Top of Material to process

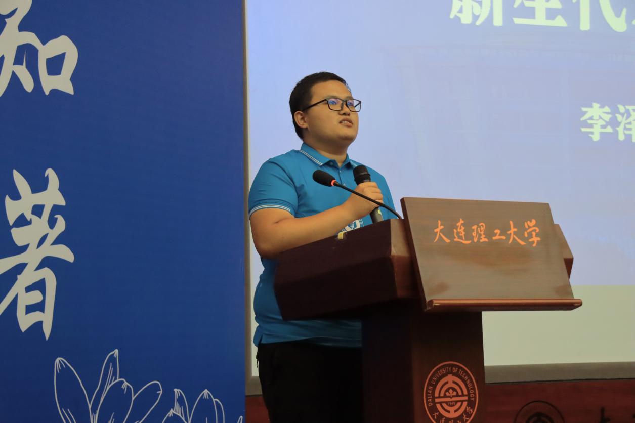新生代表2022级硕士研究生李泽豪同学发言,李泽豪同学十分感谢大工对自己的培养,让他从2018级本科生保研到自己的学院,成长为一名2022级的研究生。在人生的新起点,李泽豪同学分享了三点希望与大家共勉:一是要找准目标,制定计划,锲而不舍;二是在锻炼中成长,施展自己的才华;三是希望大家珍视时间,战胜拖延。
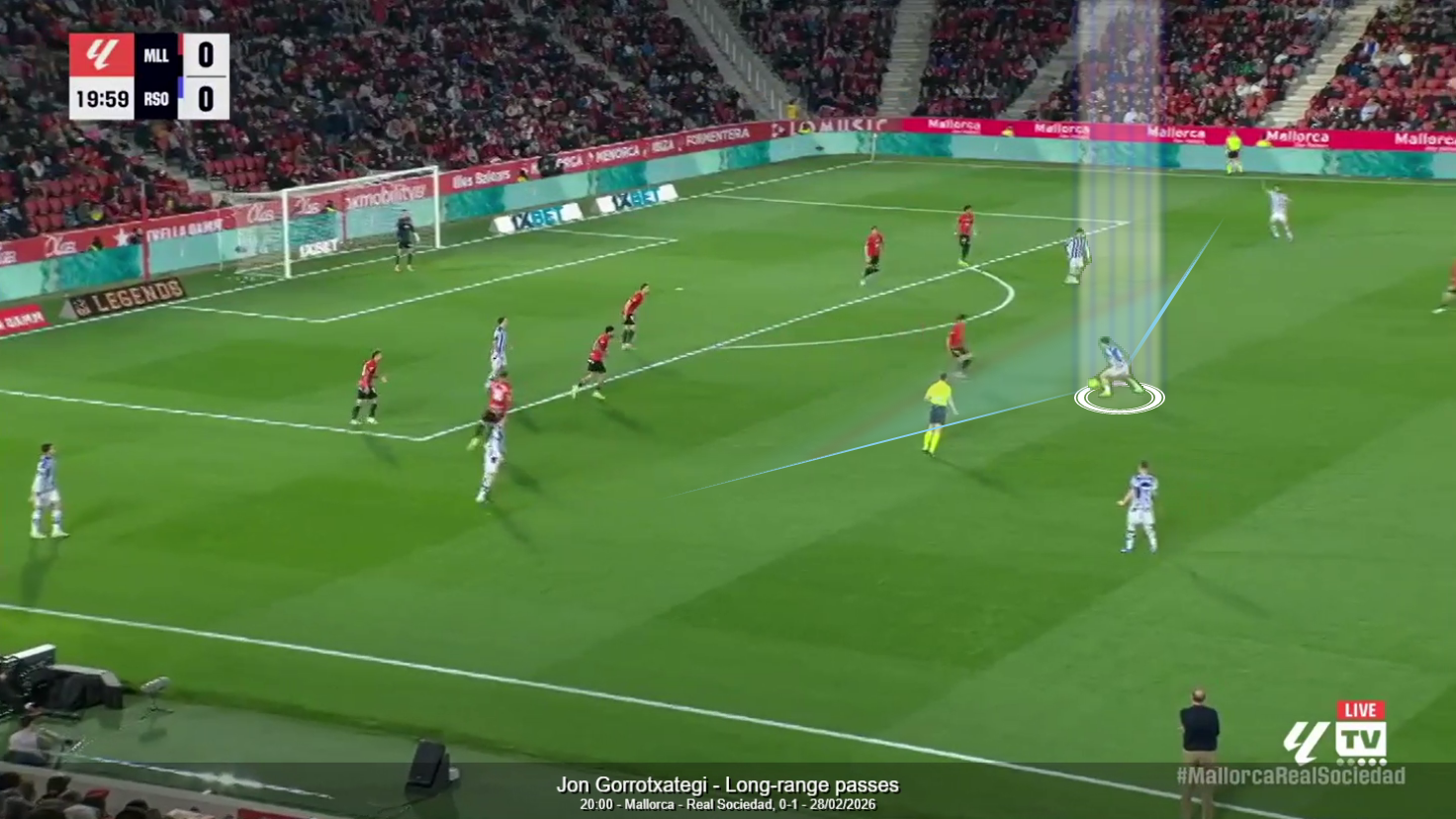 Once the pressure is broken, Gorrotxategi displays his expansive passing range by delivering a long-range diagonal switch to exploit the opponent’s weak side.
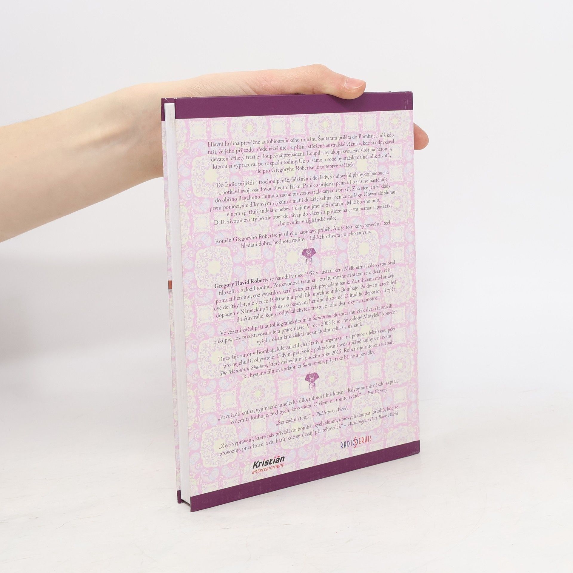 Hlavní hrdina převážně autobiografického románu Šantaram přilétá do Bombaje, aniž kdo tuší, že jeho příjezdu předcházel útěk z přísně střežené australské věznice, kde si odpykával devatenáctiletý trest za loupežná přepadení. Loupil, aby ukojil svou závislost na heroinu, kterou si vypracoval po rozpadu rodiny. V Bombaji získává přátele, kteří mu pomohou zorientovat se v tamějším životě, ale další životní zvraty ho opět dostávají do vězení a posléze na cestu mafiána, pašeráka i bojovníka v afghánské válce. Román Šantaram je silný a napínavý příběh. Ale je to také výpověď o citech, hledání dobra, hodnotě rodiny a lidského života i jeho smyslu. Kniha je také označována jako „novodobý Motýlek“ a po vydání okamžitě získala mezinárodní věhlas a uznání. Filmová práva vlastní Johny Depp, v roce 2016 je očekávána premiéra filmu. Gregory David Roberts, který v románu popsal své vlastní zážitky, dnes žije v Bombaji, kde založil charitativní organizaci zajišťující lékařskou péči pro nejchudší obyvatele. Tady napsal i volné pokračování své úspěšné knihy s názvem The Mountain Shadow, která má vyjít letos na podzim. Kniha, jež právě vychází v češtině, je kvůli čtenářskému komfortu rozdělená do tří samostatných oddílů, ale speciální obal z ní činí jeden celek se společným hřbetem.
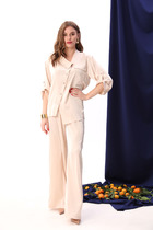Жакет полуприлегающего силуэта выполнен из яркого текстурного полотна розового цвета, с декоративными элементами. Характеристики: V образный вырез горловины, застежка центральная на петли пуговицы (декорированы тканью основного изделия), талиевые вытачки по спинке жакета, по переду два накладных кармана с клапанами, рукав прямого кроя. Длина по спинке 48 см, длина рукава 63 см.
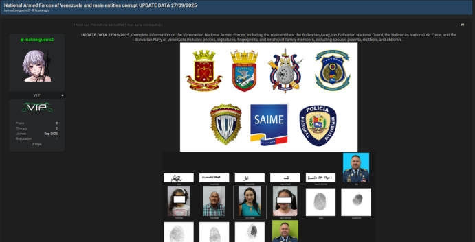 委内瑞拉百万军职人员数据遭泄,ID 与密码流向不明|0.zone 暗网日报【第754期】
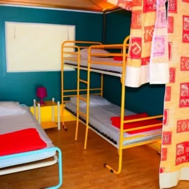 25m² de surface, 1 chambre avec 2 lits simples, 1 chambre avec 3 lits simples dont un superposé, coin cuisine,sans sanitaires, terrasse couverte.

Bottom of Material to process

→ **What you will do**:
Reproduce, word for word, everything in the listing above except the pictures.

→ **Solution to this problem**:
新生代表2022级硕士研究生李泽豪同学发言,李泽豪同学十分感谢大工对自己的培养,让他从2018级本科生保研到自己的学院,成长为一名2022级的研究生。在人生的新起点,李泽豪同学分享了三点希望与大家共勉:一是要找准目标,制定计划,锲而不舍;二是在锻炼中成长,施展自己的才华;三是希望大家珍视时间,战胜拖延。
 Once the pressure is broken, Gorrotxategi displays his expansive passing range by delivering a long-range diagonal switch to exploit the opponent’s weak side.
 Hlavní hrdina převážně autobiografického románu Šantaram přilétá do Bombaje, aniž kdo tuší, že jeho příjezdu předcházel útěk z přísně střežené australské věznice, kde si odpykával devatenáctiletý trest za loupežná přepadení. Loupil, aby ukojil svou závislost na heroinu, kterou si vypracoval po rozpadu rodiny. V Bombaji získává přátele, kteří mu pomohou zorientovat se v tamějším životě, ale další životní zvraty ho opět dostávají do vězení a posléze na cestu mafiána, pašeráka i bojovníka v afghánské válce. Román Šantaram je silný a napínavý příběh. Ale je to také výpověď o citech, hledání dobra, hodnotě rodiny a lidského života i jeho smyslu. Kniha je také označována jako „novodobý Motýlek“ a po vydání okamžitě získala mezinárodní věhlas a uznání. Filmová práva vlastní Johny Depp, v roce 2016 je očekávána premiéra filmu. Gregory David Roberts, který v románu popsal své vlastní zážitky, dnes žije v Bombaji, kde založil charitativní organizaci zajišťující lékařskou péči pro nejchudší obyvatele. Tady napsal i volné pokračování své úspěšné knihy s názvem The Mountain Shadow, která má vyjít letos na podzim. Kniha, jež právě vychází v češtině, je kvůli čtenářskému komfortu rozdělená do tří samostatných oddílů, ale speciální obal z ní činí jeden celek se společným hřbetem.
Жакет полуприлегающего силуэта выполнен из яркого текстурного полотна розового цвета, с декоративными элементами. Характеристики: V образный вырез горловины, застежка центральная на петли пуговицы (декорированы тканью основного изделия), талиевые вытачки по спинке жакета, по переду два накладных кармана с клапанами, рукав прямого кроя. Длина по спинке 48 см, длина рукава 63 см.
 委内瑞拉百万军职人员数据遭泄,ID 与密码流向不明|0.zone 暗网日报【第754期】
 25m² de surface, 1 chambre avec 2 lits simples, 1 chambre avec 3 lits simples dont un superposé, coin cuisine,sans sanitaires, terrasse couverte.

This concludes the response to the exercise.